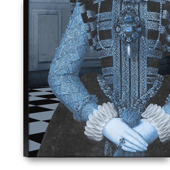 Travail surréaliste dans les tons bleus de Delft, dans le style des vieux maîtres. C'est un collage d'images diverses. Art avec un clin d'oeil ;-)
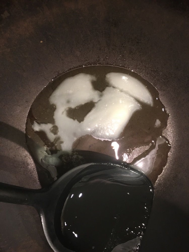 7锅里放少量猪油,放白糖,用小火融化
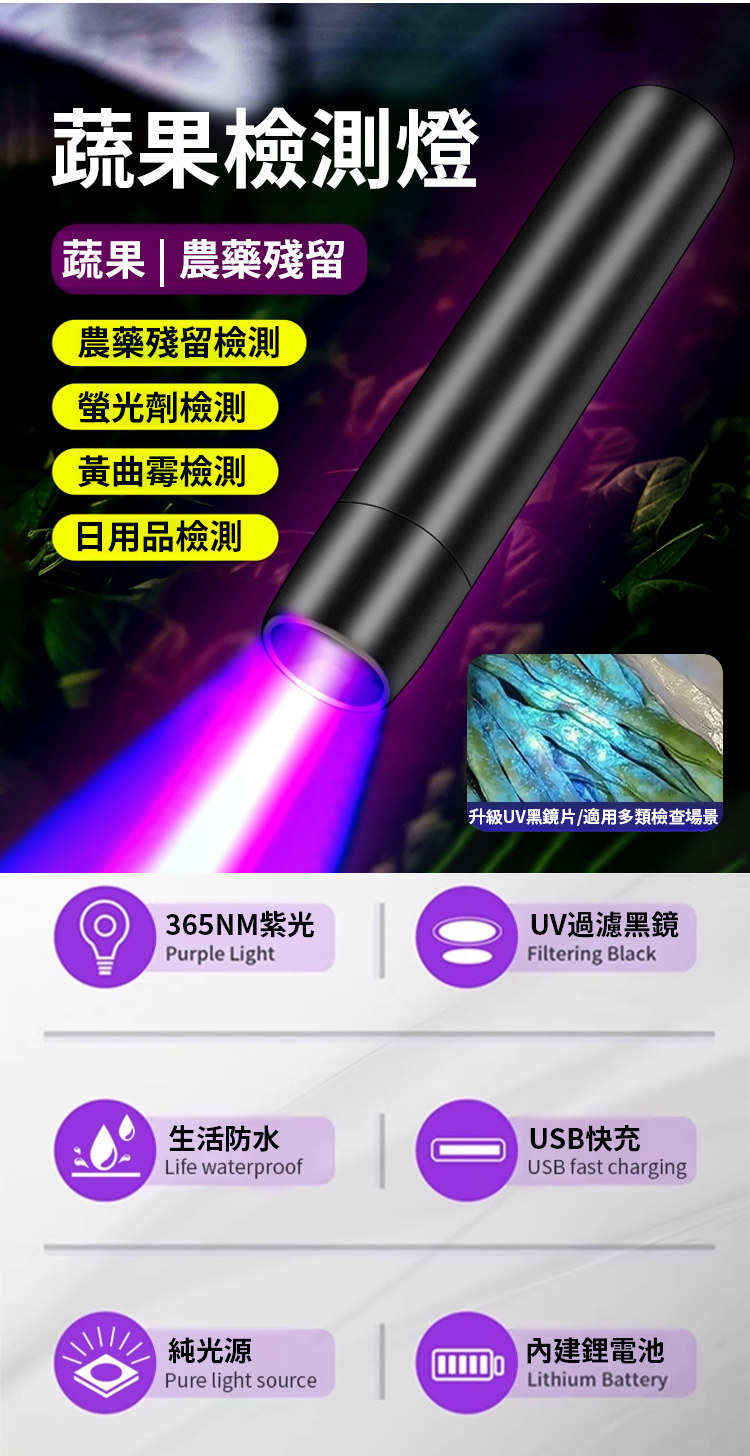 多功能農殘真菌檢測紫光燈,一照現形,比普通紫光燈靈敏5倍!

§ Exercise prompt:
Copy the data in full. No pictures belong in the copy.

§ Answer space:
 Travail surréaliste dans les tons bleus de Delft, dans le style des vieux maîtres. C'est un collage d'images diverses. Art avec un clin d'oeil ;-)
 7锅里放少量猪油,放白糖,用小火融化
 多功能農殘真菌檢測紫光燈,一照現形,比普通紫光燈靈敏5倍!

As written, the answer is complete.